2015 was a very exciting year for us myelomatologists. The FDA approved four new agents for multiple myeloma (panobinostat, daratumumab, ixazomib, and elotuzumab). In 2016 we will have to begin the task of determining the most appropriate combinations and sequencing of agents. This is a review of some of the key manuscripts published this year of relevance to the practicing oncologist.

Workup and Staging

2014 gave us revised criteria for the diagnosis of multiple myeloma; and in 2015 we now had several important manuscripts providing guidance on the diagnostic workup and prognostication for the disease.

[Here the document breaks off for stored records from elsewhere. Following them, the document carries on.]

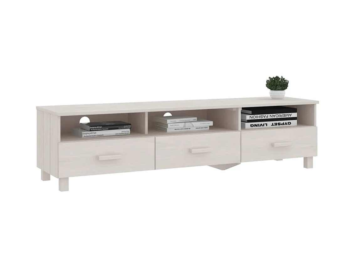 Mueble TV HAMAR Blanco 158x40x40 cm Madera maciza de pino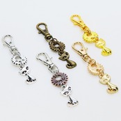 ゴールドカラー 猫と歯車・ギアを組合せたコンパクトなキーホルダー 金具交換可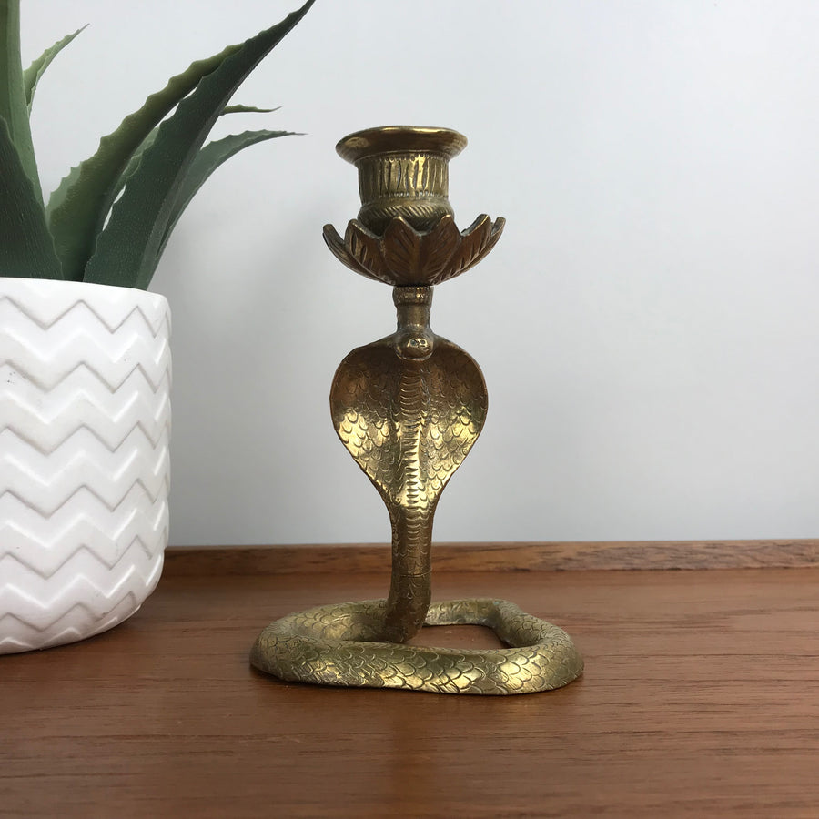 A stunning Mid Century brass cobra candlestick with beautiful etched detailing.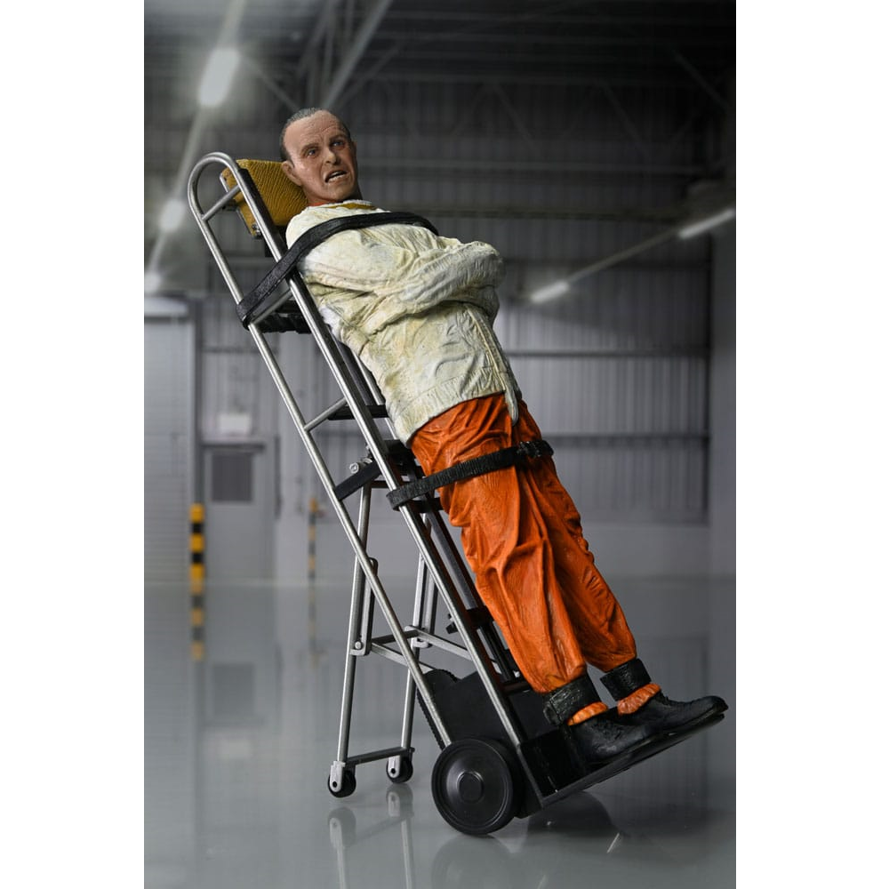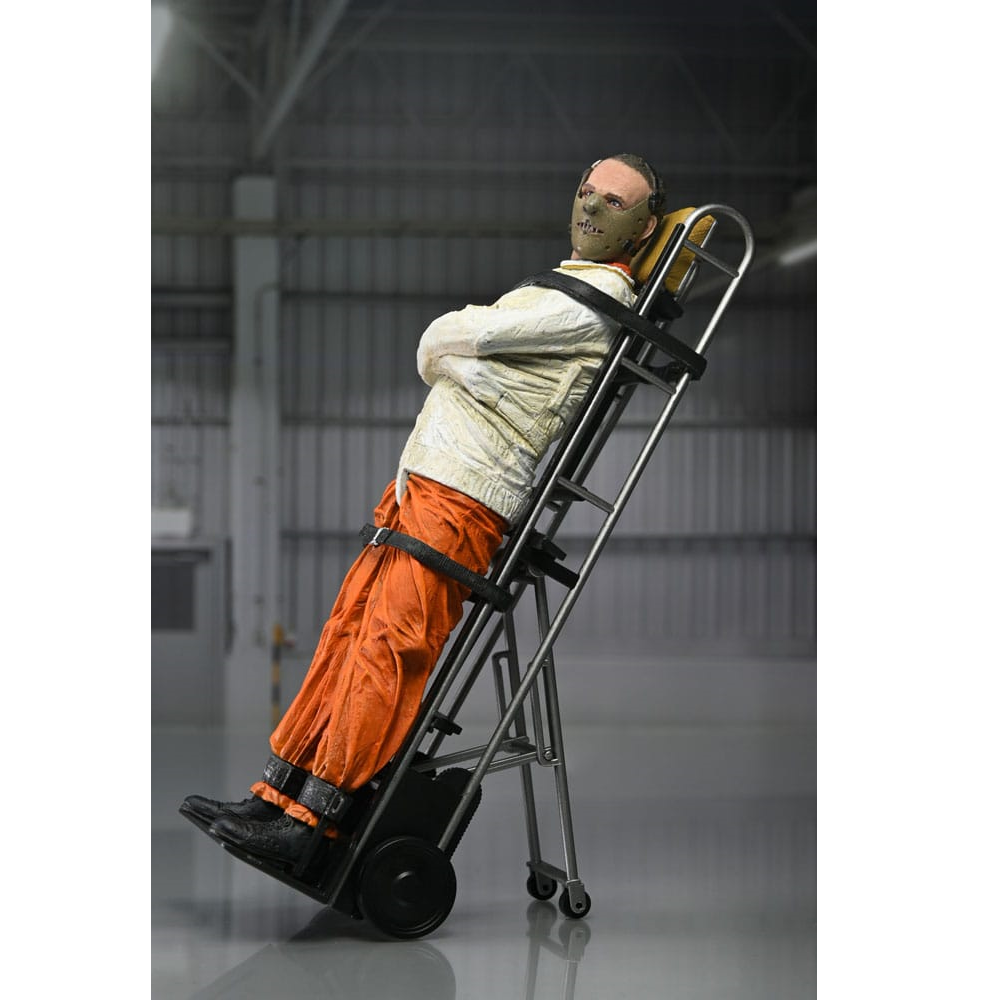 Deze action figure van Dr. Hannibal Lecter is gebaseerd op zijn looks uit the Silence of the Lambs en komt met verschillende hoofden zodat je Hannibal op verschillende manieren kunt poseren. Hij zit net als in de bekende filmscene in een dwangbuis op een steekkar.

Dimopoulos et al (JCO 2015; 33:657-664) reported a consensus statement from the International Myeloma Working Group (IMWG) on the use of magnetic resonance imaging (MRI) in multiple myeloma. The authors concluded that MRI was the gold standard for imaging of the axial skeleton, for evaluation of painful lesions, and for distinguishing benign from malignant osteoporotic vertebral fractures.

The authors recommended that in addition to visualization of the spinal cord or nerve compression and the presence of soft tissue masses that MRI be used for the workup of solitary bone plasmacytoma and that all patients with smoldering myeloma undergo full body MRI or spinal and pelvic MRI if whole body MRI is not available. If these patients have more than one focal lesion of greater than 5 mm in diameter, they should be considered to have symptomatic disease for consideration of therapy.

In cases of equivocal or small lesions, a second MRI should be performed after three to six months and if there is progression on MRI, the patient should be treated as having symptomatic myeloma. For patients with an established diagnosis of multiple myeloma, an MRI at diagnosis and after treatment, especially autologous stem cell transplantation, was thought to provide prognostic information, but to date does not change treatment selection.

Palumbo et al (JCO 2015: 33:2863-2869) published a revised international staging system for multiple myeloma on behalf of IMWG. Clinical and laboratory data from 4,445 patients with newly diagnosed myeloma enrolled into 11 international trials were pulled together, and this revised international staging system combined the exiting international staging system with chromosomal abnormalities detected by interphase fluorescence in situ hybridization after CD138 plasma cell purification and serum lactate dehydrogenase (LDH) to evaluate prognosis:

  1. Revised ISS I: ISS stage I, no high-risk cytogenetic abnormalities (deletion 17p, t(4;14) and/or t(14;16)) and normal LDH with a five-year overall survival (OS) of 82 percent and five-year progression-free survival (PFS) of 55 percent;
  2. Revised ISS 2: Not R-ISS I or III with five-year OS of 62 percent and five-year PFS of 36 percent;
  3. Revised ISS stage III: Including ISS stage III and high-risk cytogenetics or high LDH level with five-year OS of 40 percent and five-year PFS of 24 percent.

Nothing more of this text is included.